Unpacking the Tidyverse - stringr


Introduction

This is the sixth of eight installments of my Unpacking the Tidyverse series. Each installment focuses on one of the eight core packages in Hadley Wickham’s tidyverse. Instructions given in each post are mainly derived from Hadley’s textbook, R for Data Science, and CRAN package documentation. This installment of Unpacking the Tidyverse focuses on the string manipulation package, stringr. The previous installment focuses on the tibble package, and can be found here. The next installment focuses on the forcats package, and can be found here.

Strings are simply arrays of characters in your dataset. Strings can contain numbers, letters, special symbols; really anything you decide to stick between two quotation marks. The tidyverse’s stringr function allows you to manipulate these strings with the help of regular expressions. While I won’t be explaining regular expressions in this post, I’ll link to some useful resources to help you learn to use them. But before we do anything, we must load the ever-useful tidyverse.


library('tidyverse')


Creating Strings


Let’s quickly cover how to make strings, before we learn how to manipulate them.

string_a <- "this is how you make a string"
string_b <- 'double or single quotes work'
string_c_d <- c("what if I want quotes you ask?",
                "easy! put a \ before your quotes")
strings <- c(string_a, string_b, string_c_d)


Simple Stringr Functions


All stringr functions start with str_, so if you’ve forgot the name of the stringr function you’re looking for, RStudio will provide you with all the functions in its autocomplete for str_.

The easiest stringr function is str_length(). str_length() measures the number of characters in the its primary argument. There are 23 letters and 6 spaces, making a total of 29 characters in string_a.

str_length(string_a)

## [1] 29


If you give the function a vector of strings, it will measure the length of each individual element.

str_length(strings)

## [1] 29 28 30 31


Now that we can count them, let’s concatenate them! str_c is a function that tacks one string onto the end of another, given a defined separator.

str_c(string_a, string_b, sep=", ")

## [1] "this is how you make a string, double or single quotes work"


Another potentially useful function is substrings, str_sub. Substrings extracts and replaces substrings from a character vector, typically taking 3 input arguments. The first is your character vector, the second is where to start the substitution, and the third argument is where to end the substitution.

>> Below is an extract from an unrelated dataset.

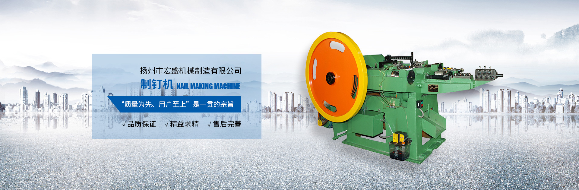揚(yáng)州市宏盛機(jī)械制造有限公司是具有20多年歷史生產(chǎn)制釘機(jī)系列的企業(yè),技術(shù)力量雄厚,生產(chǎn)設(shè)備齊全、質(zhì)量優(yōu)質(zhì)、服務(wù)周到、價(jià)格適中、工藝精湛,本公司生產(chǎn)的HZD系列制釘機(jī)產(chǎn)品覆蓋國內(nèi)外20多個(gè)省市自治區(qū),外銷東南亞等諸多國家和地區(qū),是全國同行業(yè)內(nèi)的優(yōu)質(zhì)產(chǎn)品,并得到用戶認(rèn)可。歡迎諸位新老客戶光臨我公司選用產(chǎn)品!

str_sub(strings, 10) <- " ...PSYCH!"
strings

## [1] "this is h ...PSYCH!" "double or ...PSYCH!" "what if I ...PSYCH!"
## [4] "easy! put ...PSYCH!"


The final fun-and-easy function I’ll cover is str_sort. String sort alphabetically sorts strings in a character vector. It has several useful options allowing for reverse alphabetical sorting, different languages, and NA values.

str_sort(strings)

## [1] "double or ...PSYCH!" "easy! put ...PSYCH!" "this is h ...PSYCH!"
## [4] "what if I ...PSYCH!"


Regular Expression Resources


Stringr really becomes useful when you use regular expressions to help it sort through massive amounts of character vectors. RStudio’s stringr cheatsheet has an excellent section on RegEx’s on its second page. If you’re still not sure on how regular expressions work, check out this article on the stringr website.


Pattern Matching with Stringr

The vignette associated with stringr has wonderful examples on how to use stringr’s pattern matching functions; check it out for great examples of all the pattern matching functions and more.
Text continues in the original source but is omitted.